Supplied records:
============

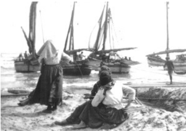
FOTO 2. DONNE IN ATTESA DELLE BARCHE.

All'importante ruolo svolto dalle donne nell'economia marinara, un lavoro fondamentale e continuo rimasto sempre nell'anonimato, il Comune di San Benedetto del Tronto ha dedicato una sezione del "Museo del mare" e ha collocato nelle sue strade il monumento bronzeo dedicato al lavoro delle retare, opera dello scultore Aldo Sergiacomi, inaugurato nel 1991.
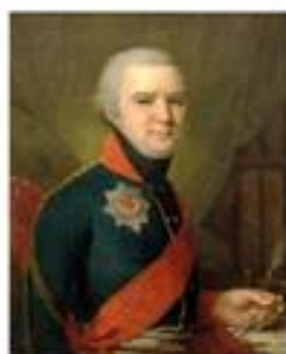
В. Боровиковский Портрет князя С.Г. Долгорукова. 1800

ЗАНЯТИЕ РАССКАЗЫВАЕТ О СТАНОВЛЕНИИ И РАСЦВЕТЕ ПОРТРЕТНОГО ЖАНРА В РОССИИ НА ПРИМЕРЕ ТВОРЧЕСТВА ОСНОВНЫХ МАСТЕРОВ И ПРОИЗВЕДЕНИЙ ИЗ СОБРАНИЯ МУЗЕЯ.
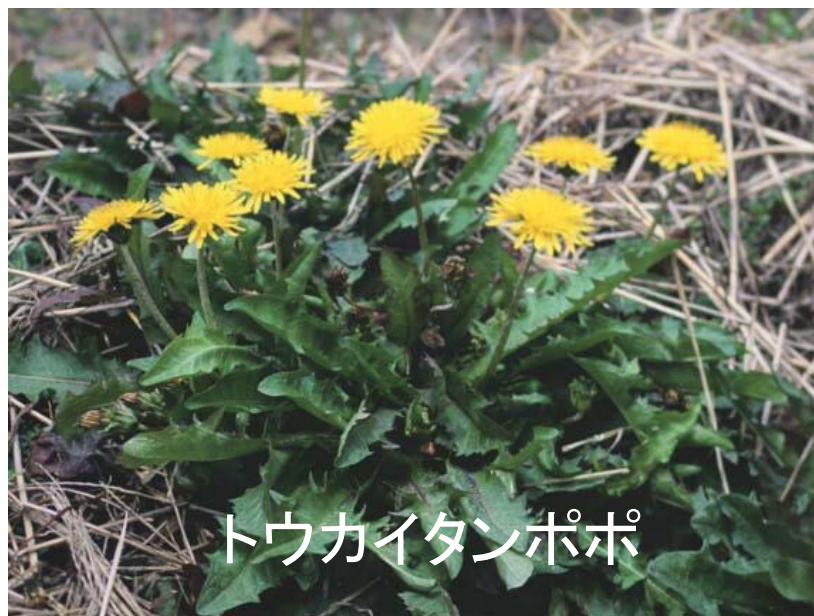
トウカイタンポポ

============

Exercise: Nothing but an exact copy is needed, covering the lines from the line with "All'importante ruolo svolto" through the last line of the entries, pictures excluded.

Task output:
All'importante ruolo svolto dalle donne nell'economia marinara, un lavoro fondamentale e continuo rimasto sempre nell'anonimato, il Comune di San Benedetto del Tronto ha dedicato una sezione del "Museo del mare" e ha collocato nelle sue strade il monumento bronzeo dedicato al lavoro delle retare, opera dello scultore Aldo Sergiacomi, inaugurato nel 1991.
В. Боровиковский Портрет князя С.Г. Долгорукова. 1800

ЗАНЯТИЕ РАССКАЗЫВАЕТ О СТАНОВЛЕНИИ И РАСЦВЕТЕ ПОРТРЕТНОГО ЖАНРА В РОССИИ НА ПРИМЕРЕ ТВОРЧЕСТВА ОСНОВНЫХ МАСТЕРОВ И ПРОИЗВЕДЕНИЙ ИЗ СОБРАНИЯ МУЗЕЯ.
トウカイタンポポ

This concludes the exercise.